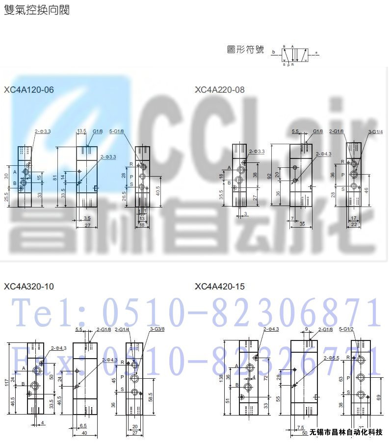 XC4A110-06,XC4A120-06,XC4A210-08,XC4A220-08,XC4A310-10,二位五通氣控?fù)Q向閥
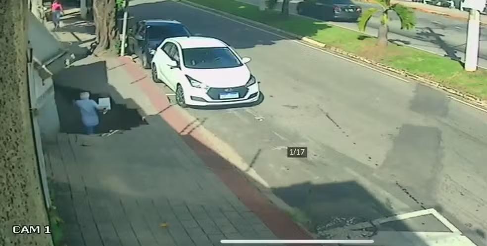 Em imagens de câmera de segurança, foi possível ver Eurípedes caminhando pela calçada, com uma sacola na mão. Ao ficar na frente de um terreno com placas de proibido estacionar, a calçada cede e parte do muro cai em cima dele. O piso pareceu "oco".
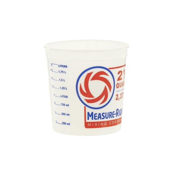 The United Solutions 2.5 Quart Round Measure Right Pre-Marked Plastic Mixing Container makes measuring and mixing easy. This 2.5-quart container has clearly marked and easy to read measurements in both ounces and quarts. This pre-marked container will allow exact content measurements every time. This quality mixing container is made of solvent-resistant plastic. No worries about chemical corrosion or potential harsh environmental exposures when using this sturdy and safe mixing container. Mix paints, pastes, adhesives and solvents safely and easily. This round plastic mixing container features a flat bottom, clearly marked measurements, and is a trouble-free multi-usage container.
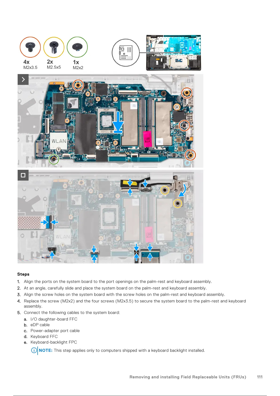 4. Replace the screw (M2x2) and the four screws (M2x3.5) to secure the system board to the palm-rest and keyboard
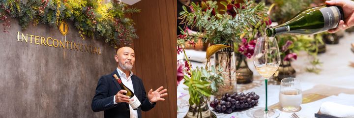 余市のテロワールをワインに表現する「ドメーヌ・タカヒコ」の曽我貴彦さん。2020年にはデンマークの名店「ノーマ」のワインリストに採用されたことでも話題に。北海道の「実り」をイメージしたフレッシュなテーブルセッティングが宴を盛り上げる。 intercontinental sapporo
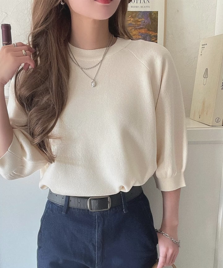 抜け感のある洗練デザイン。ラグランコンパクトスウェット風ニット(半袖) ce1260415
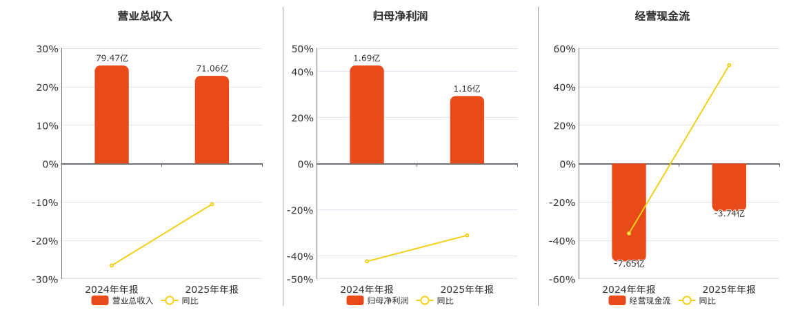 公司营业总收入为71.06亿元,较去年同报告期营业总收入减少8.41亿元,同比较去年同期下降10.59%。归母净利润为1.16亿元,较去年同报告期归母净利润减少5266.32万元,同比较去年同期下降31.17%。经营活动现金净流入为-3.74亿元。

* _YOUR OBJECTIVE_:
From the opening line of the entries above to the line that holds "Em imagens de", inclusive, reproduce each line exactly and omit any picture.

* _ANSWER FOR THIS EXERCISE_:
 XC4A110-06,XC4A120-06,XC4A210-08,XC4A220-08,XC4A310-10,二位五通氣控?fù)Q向閥
 Em imagens de câmera de segurança, foi possível ver Eurípedes caminhando pela calçada, com uma sacola na mão. Ao ficar na frente de um terreno com placas de proibido estacionar, a calçada cede e parte do muro cai em cima dele. O piso pareceu "oco".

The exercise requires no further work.